■ **Your assignment**:
Although the entries contain pictures, the copy should hold only their exact text.

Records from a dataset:
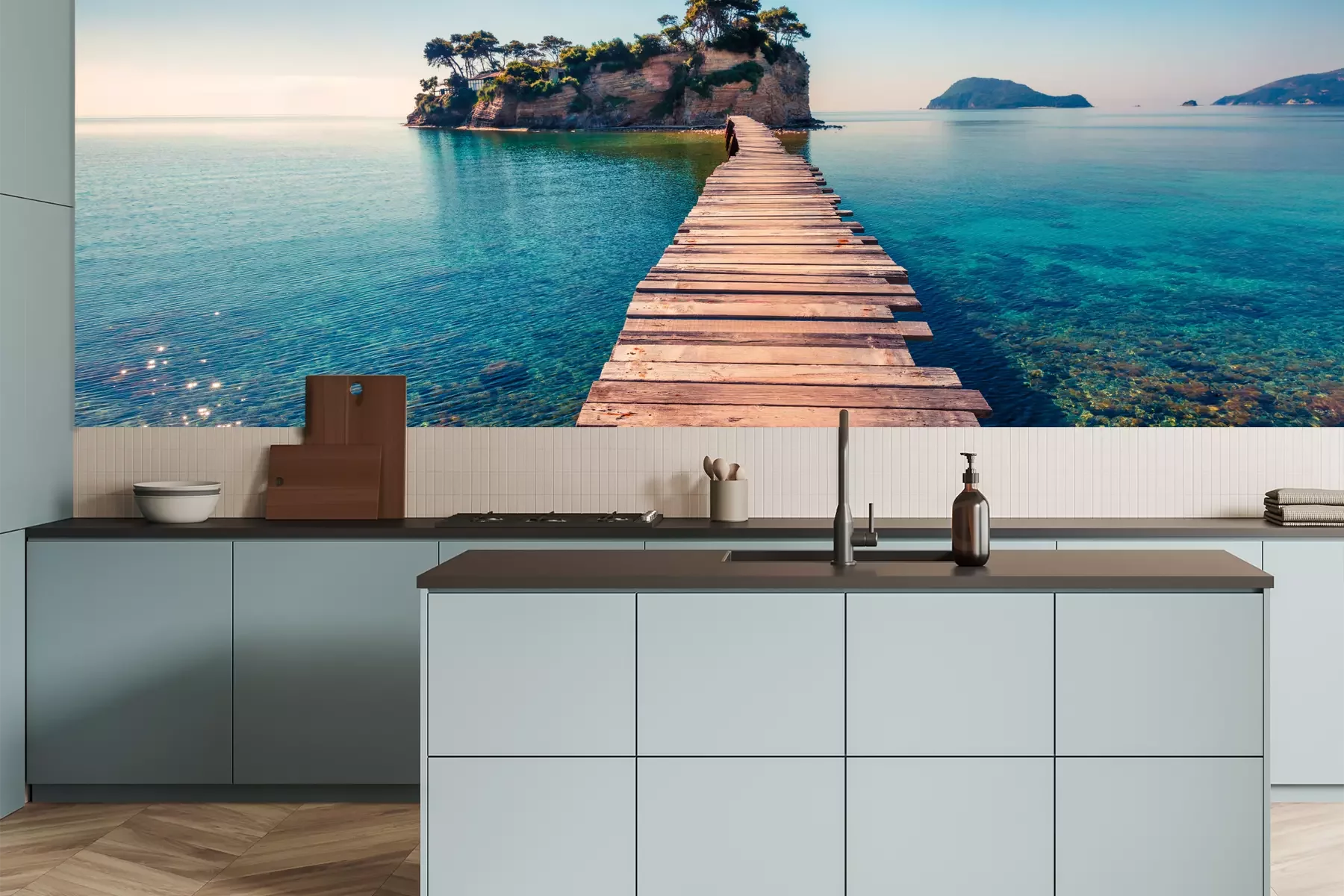 Het materiaal Premium is een glad vinyl op vlies, dat bestand is tegen uitrekken en vervorming. Het is dampdoorlatend – de muren kunnen vrij ademen – waardoor het geschikt is voor gebruik in de keuken en badkamer. Bij vervuiling kan het materiaal worden afgenomen met een vochtige doek. De maximale breedte van één baan bedraagt 95 of 105 cm, afhankelijk van de beschikbaarheid. Montage vindt plaats met de rand-aan-rand methode, wat een esthetisch resultaat zonder zichtbare naden oplevert. Omdat de lijm rechtstreeks op de muur wordt aangebracht, verloopt de installatie van het fotobehang snel en eenvoudig.
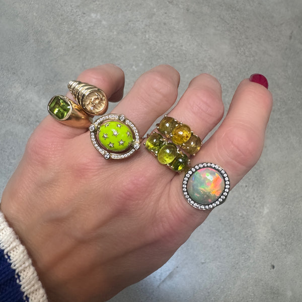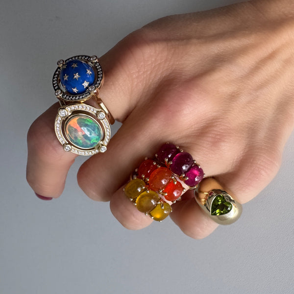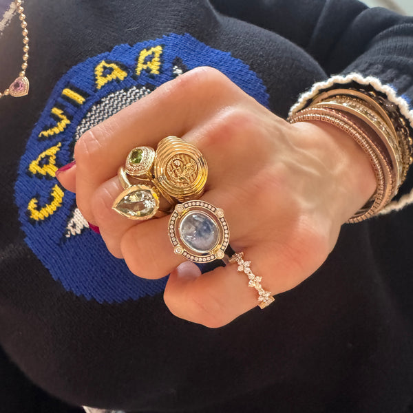 You know I obsess over two-for-one goodies and double-sided treasures.  This ring is a perfect statement and conversation starter. Available in moonstone and opal, you will be illuminating and lustrous!
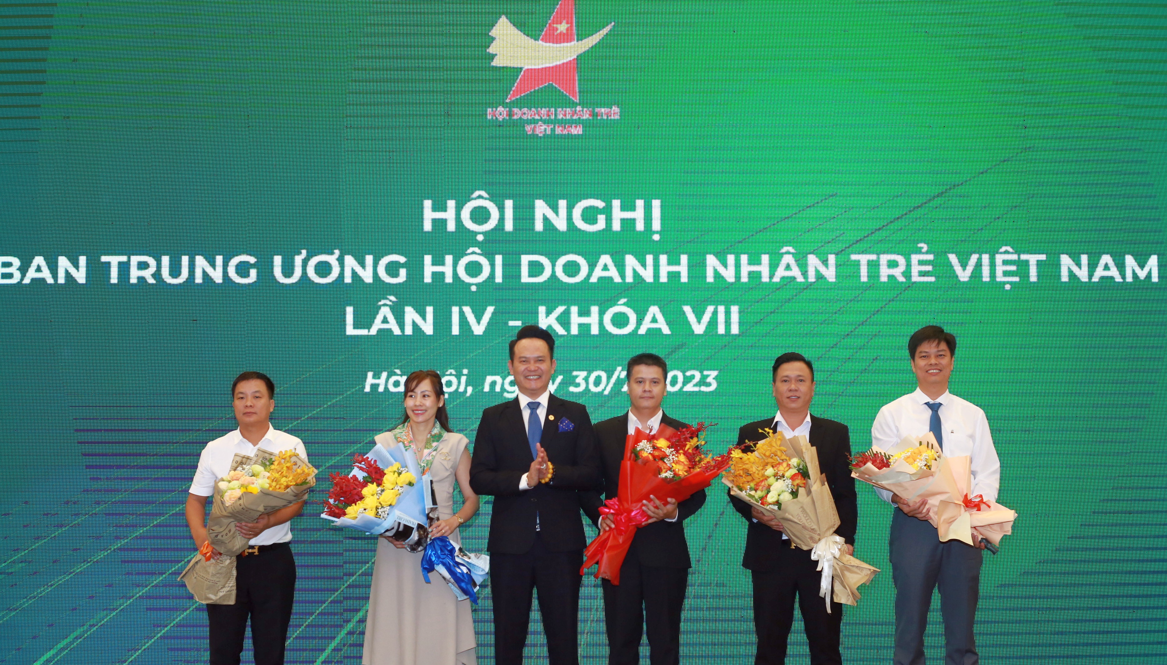 Đồng chí Đặng Hồng Anh tặng hoa các đồng chí được kiện toàn tham gia Ủy viên Ủy ban Trung ương Hội Doanh nhân trẻ Việt Nm
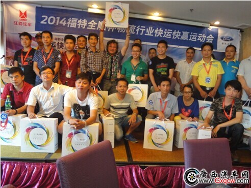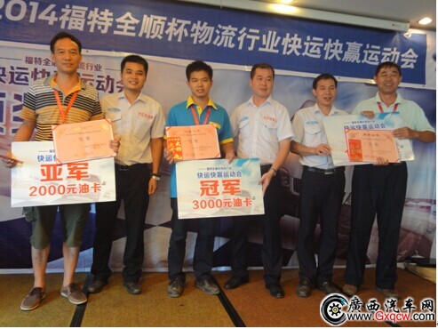 接著,由廣西江鈴品牌經理為比此次全順快運快贏活動冠軍、亞軍及季軍頒發(fā)榮譽**及油禮并合影留念。
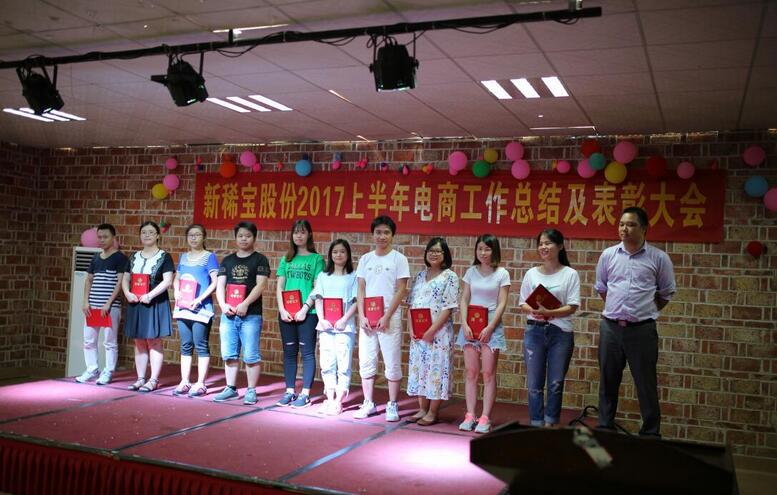 緊張激烈的競(jìng)技賽之后,新稀寶股 份2017上半年電商、商網(wǎng)工作總結(jié)及表彰大會(huì)17:30開(kāi)幕。會(huì)議剛開(kāi)始,陳文歡經(jīng)理做了簡(jiǎn)單的人事任免宣布,隨著公司不斷發(fā)展壯大,機(jī)構(gòu)調(diào)整也越來(lái)越 合理,人才的選拔,布局的完善,預(yù)示著企業(yè)的發(fā)展將愈來(lái)愈好、愈來(lái)愈快。緊接著是張秋峰經(jīng)理發(fā)表講話(huà),從辦公地點(diǎn)的愈加緊湊、商網(wǎng)質(zhì)的飛躍,電商的持續(xù)發(fā) 展說(shuō)起,感慨南寧分公司的發(fā)展之迅速。不但健康行業(yè)發(fā)展快速,孕嬰事業(yè)部也在快速增長(zhǎng)中,外部競(jìng)爭(zhēng)激烈,內(nèi)部競(jìng)爭(zhēng)亦不容忽視。電商、商網(wǎng)下半年需心往一處 想,勁往一處使,爭(zhēng)取早日實(shí)現(xiàn)跨越式的增長(zhǎng)。
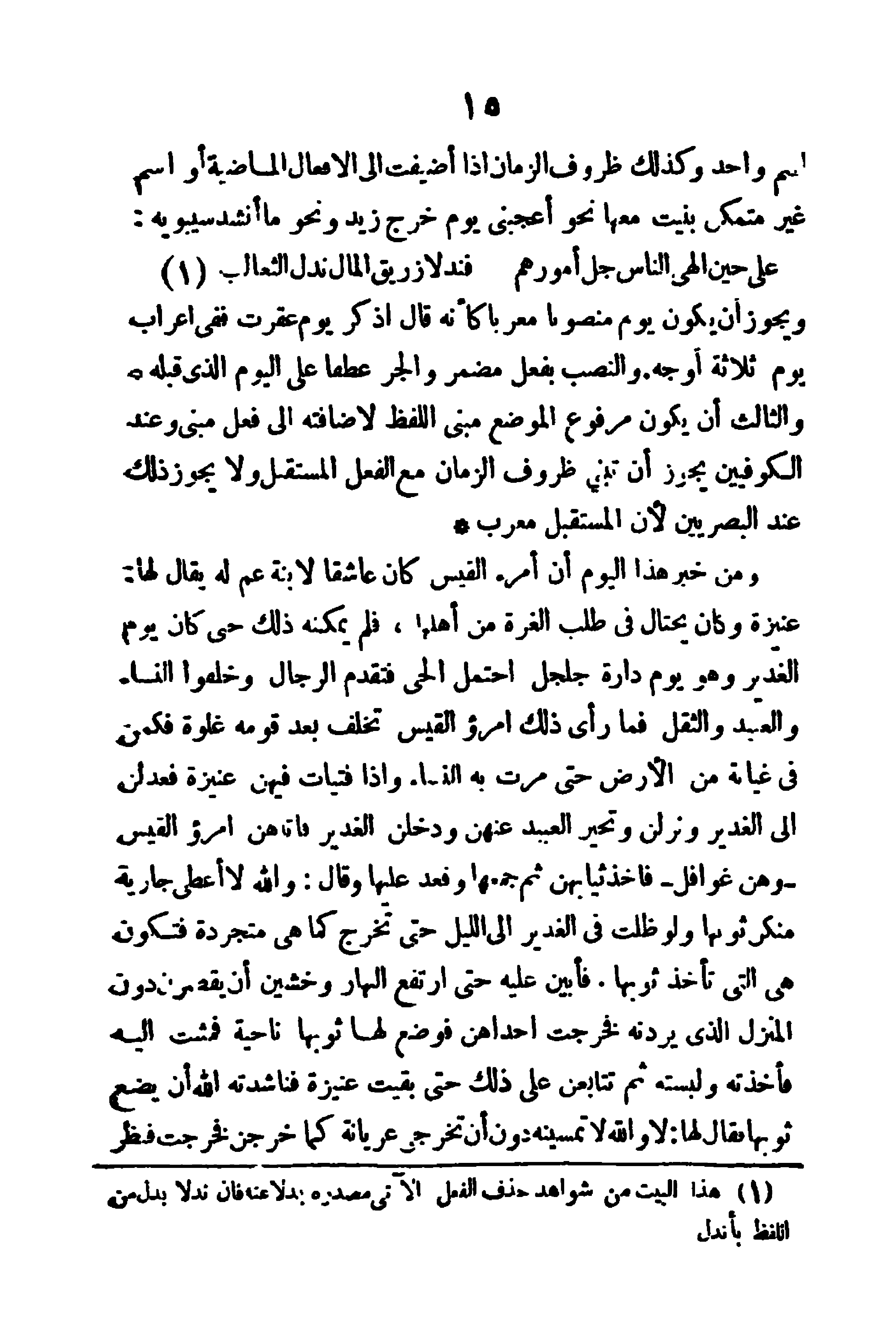 اسم واحد، وكذلك ظروف الزمان إذا أضيفت إلى الأفعال الماضية أو اسم غير متمكن بنيت معها، نحو (أعجبني يوم خرج زيد) ونحو ما أنشد سيبويه:
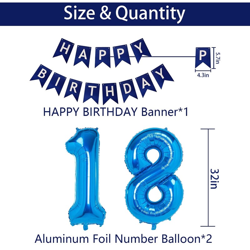 NANINUNENO 18th Birthday Party Decorations In Blue Boys And Girls, Supplies Happy Balloons With Banner, Numbers, Star Streams, Swirls Hanging

■ **Written reply**:
 Het materiaal Premium is een glad vinyl op vlies, dat bestand is tegen uitrekken en vervorming. Het is dampdoorlatend – de muren kunnen vrij ademen – waardoor het geschikt is voor gebruik in de keuken en badkamer. Bij vervuiling kan het materiaal worden afgenomen met een vochtige doek. De maximale breedte van één baan bedraagt 95 of 105 cm, afhankelijk van de beschikbaarheid. Montage vindt plaats met de rand-aan-rand methode, wat een esthetisch resultaat zonder zichtbare naden oplevert. Omdat de lijm rechtstreeks op de muur wordt aangebracht, verloopt de installatie van het fotobehang snel en eenvoudig.
 You know I obsess over two-for-one goodies and double-sided treasures.  This ring is a perfect statement and conversation starter. Available in moonstone and opal, you will be illuminating and lustrous!
 Đồng chí Đặng Hồng Anh tặng hoa các đồng chí được kiện toàn tham gia Ủy viên Ủy ban Trung ương Hội Doanh nhân trẻ Việt Nm
 接著,由廣西江鈴品牌經理為比此次全順快運快贏活動冠軍、亞軍及季軍頒發(fā)榮譽**及油禮并合影留念。
 緊張激烈的競(jìng)技賽之后,新稀寶股 份2017上半年電商、商網(wǎng)工作總結(jié)及表彰大會(huì)17:30開(kāi)幕。會(huì)議剛開(kāi)始,陳文歡經(jīng)理做了簡(jiǎn)單的人事任免宣布,隨著公司不斷發(fā)展壯大,機(jī)構(gòu)調(diào)整也越來(lái)越 合理,人才的選拔,布局的完善,預(yù)示著企業(yè)的發(fā)展將愈來(lái)愈好、愈來(lái)愈快。緊接著是張秋峰經(jīng)理發(fā)表講話(huà),從辦公地點(diǎn)的愈加緊湊、商網(wǎng)質(zhì)的飛躍,電商的持續(xù)發(fā) 展說(shuō)起,感慨南寧分公司的發(fā)展之迅速。不但健康行業(yè)發(fā)展快速,孕嬰事業(yè)部也在快速增長(zhǎng)中,外部競(jìng)爭(zhēng)激烈,內(nèi)部競(jìng)爭(zhēng)亦不容忽視。電商、商網(wǎng)下半年需心往一處 想,勁往一處使,爭(zhēng)取早日實(shí)現(xiàn)跨越式的增長(zhǎng)。
 اسم واحد، وكذلك ظروف الزمان إذا أضيفت إلى الأفعال الماضية أو اسم غير متمكن بنيت معها، نحو (أعجبني يوم خرج زيد) ونحو ما أنشد سيبويه:
 NANINUNENO 18th Birthday Party Decorations In Blue Boys And Girls, Supplies Happy Balloons With Banner, Numbers, Star Streams, Swirls Hanging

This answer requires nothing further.